### Activity
Below are some records. Return exactly the lines from the one containing "70多年前發(fā)生在這里" through the one containing "- Gemstone - Good", both included, and only those.

### Data for analysis
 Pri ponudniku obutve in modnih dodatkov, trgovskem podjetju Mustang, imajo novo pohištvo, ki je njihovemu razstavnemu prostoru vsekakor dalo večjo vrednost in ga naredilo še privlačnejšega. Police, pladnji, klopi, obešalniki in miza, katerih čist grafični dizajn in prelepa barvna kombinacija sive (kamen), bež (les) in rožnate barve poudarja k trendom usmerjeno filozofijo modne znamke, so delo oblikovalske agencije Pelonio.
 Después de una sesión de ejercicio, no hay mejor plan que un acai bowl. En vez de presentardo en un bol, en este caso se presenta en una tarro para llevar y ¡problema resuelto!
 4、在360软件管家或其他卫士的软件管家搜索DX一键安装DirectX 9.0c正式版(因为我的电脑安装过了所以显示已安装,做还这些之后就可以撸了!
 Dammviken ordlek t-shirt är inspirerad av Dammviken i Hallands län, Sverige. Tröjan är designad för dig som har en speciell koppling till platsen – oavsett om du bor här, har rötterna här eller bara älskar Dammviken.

---

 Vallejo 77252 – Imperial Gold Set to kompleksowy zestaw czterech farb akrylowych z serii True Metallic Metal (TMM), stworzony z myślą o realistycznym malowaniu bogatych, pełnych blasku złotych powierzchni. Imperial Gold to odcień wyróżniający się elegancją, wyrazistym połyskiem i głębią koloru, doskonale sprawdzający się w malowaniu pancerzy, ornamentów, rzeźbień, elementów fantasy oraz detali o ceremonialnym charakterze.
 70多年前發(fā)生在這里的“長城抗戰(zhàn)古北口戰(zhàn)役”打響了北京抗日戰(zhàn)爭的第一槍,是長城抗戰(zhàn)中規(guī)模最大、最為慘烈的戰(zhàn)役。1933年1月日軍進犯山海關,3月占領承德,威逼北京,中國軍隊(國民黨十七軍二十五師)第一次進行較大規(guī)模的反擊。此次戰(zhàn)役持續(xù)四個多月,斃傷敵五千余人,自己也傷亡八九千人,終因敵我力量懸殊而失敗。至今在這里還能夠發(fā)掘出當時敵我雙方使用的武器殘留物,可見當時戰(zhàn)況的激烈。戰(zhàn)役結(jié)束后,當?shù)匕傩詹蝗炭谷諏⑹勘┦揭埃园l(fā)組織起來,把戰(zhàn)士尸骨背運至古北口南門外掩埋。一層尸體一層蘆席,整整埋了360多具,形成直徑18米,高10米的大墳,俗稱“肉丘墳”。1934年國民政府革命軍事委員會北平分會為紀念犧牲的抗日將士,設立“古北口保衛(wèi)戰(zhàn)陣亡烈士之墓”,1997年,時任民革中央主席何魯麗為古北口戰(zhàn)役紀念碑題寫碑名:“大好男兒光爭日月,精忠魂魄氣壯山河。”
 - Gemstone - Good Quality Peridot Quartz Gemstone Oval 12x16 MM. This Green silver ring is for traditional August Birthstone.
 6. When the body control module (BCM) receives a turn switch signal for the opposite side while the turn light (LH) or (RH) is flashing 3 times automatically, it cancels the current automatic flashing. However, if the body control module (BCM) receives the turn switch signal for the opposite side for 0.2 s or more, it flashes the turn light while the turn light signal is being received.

* * *

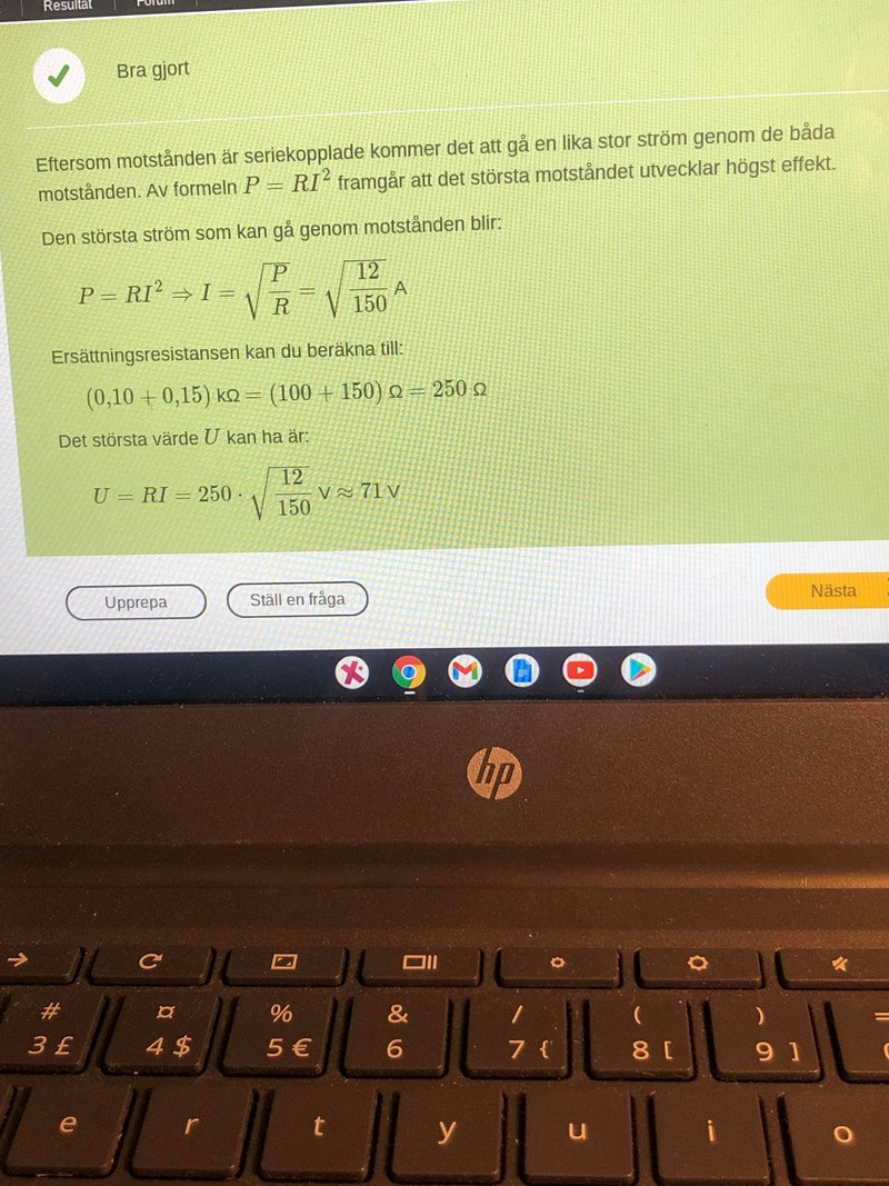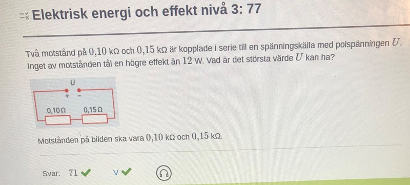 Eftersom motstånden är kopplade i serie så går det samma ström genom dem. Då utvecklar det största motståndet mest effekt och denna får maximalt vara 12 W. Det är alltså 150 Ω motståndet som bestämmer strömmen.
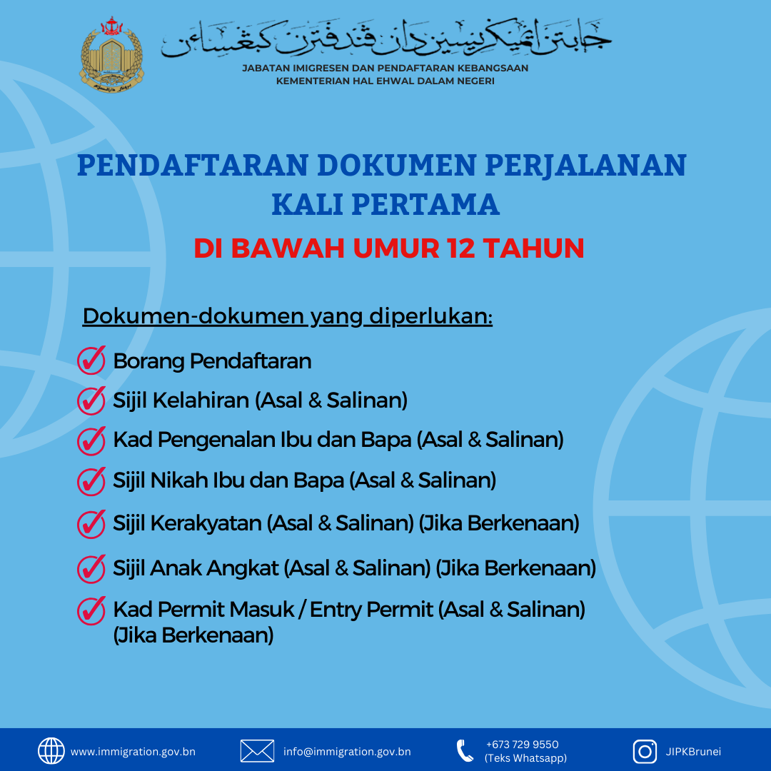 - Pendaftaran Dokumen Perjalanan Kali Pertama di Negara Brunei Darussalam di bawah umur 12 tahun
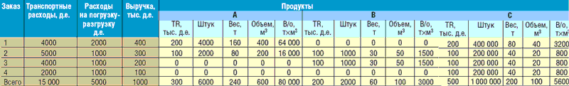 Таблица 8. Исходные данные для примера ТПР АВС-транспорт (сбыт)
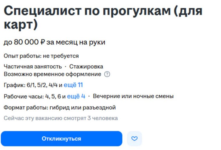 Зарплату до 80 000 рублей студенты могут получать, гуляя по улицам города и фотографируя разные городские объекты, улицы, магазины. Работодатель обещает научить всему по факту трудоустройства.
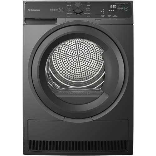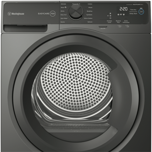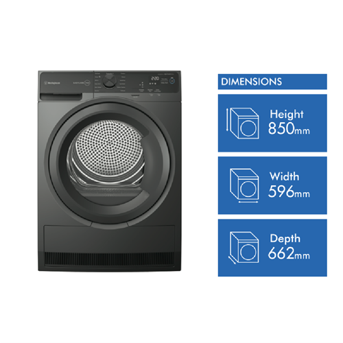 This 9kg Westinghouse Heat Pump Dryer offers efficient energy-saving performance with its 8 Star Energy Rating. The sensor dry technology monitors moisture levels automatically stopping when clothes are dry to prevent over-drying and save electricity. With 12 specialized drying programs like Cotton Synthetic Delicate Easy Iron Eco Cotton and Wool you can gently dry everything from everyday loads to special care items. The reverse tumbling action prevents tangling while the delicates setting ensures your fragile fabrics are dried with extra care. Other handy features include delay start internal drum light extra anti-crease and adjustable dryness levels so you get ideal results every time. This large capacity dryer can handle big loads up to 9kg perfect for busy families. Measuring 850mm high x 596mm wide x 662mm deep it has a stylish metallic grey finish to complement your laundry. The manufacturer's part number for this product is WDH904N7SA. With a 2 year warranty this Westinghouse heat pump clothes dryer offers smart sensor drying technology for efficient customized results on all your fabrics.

### Written response
 70多年前發(fā)生在這里的“長城抗戰(zhàn)古北口戰(zhàn)役”打響了北京抗日戰(zhàn)爭的第一槍,是長城抗戰(zhàn)中規(guī)模最大、最為慘烈的戰(zhàn)役。1933年1月日軍進犯山海關,3月占領承德,威逼北京,中國軍隊(國民黨十七軍二十五師)第一次進行較大規(guī)模的反擊。此次戰(zhàn)役持續(xù)四個多月,斃傷敵五千余人,自己也傷亡八九千人,終因敵我力量懸殊而失敗。至今在這里還能夠發(fā)掘出當時敵我雙方使用的武器殘留物,可見當時戰(zhàn)況的激烈。戰(zhàn)役結(jié)束后,當?shù)匕傩詹蝗炭谷諏⑹勘┦揭埃园l(fā)組織起來,把戰(zhàn)士尸骨背運至古北口南門外掩埋。一層尸體一層蘆席,整整埋了360多具,形成直徑18米,高10米的大墳,俗稱“肉丘墳”。1934年國民政府革命軍事委員會北平分會為紀念犧牲的抗日將士,設立“古北口保衛(wèi)戰(zhàn)陣亡烈士之墓”,1997年,時任民革中央主席何魯麗為古北口戰(zhàn)役紀念碑題寫碑名:“大好男兒光爭日月,精忠魂魄氣壯山河。”
 - Gemstone - Good Quality Peridot Quartz Gemstone Oval 12x16 MM. This Green silver ring is for traditional August Birthstone.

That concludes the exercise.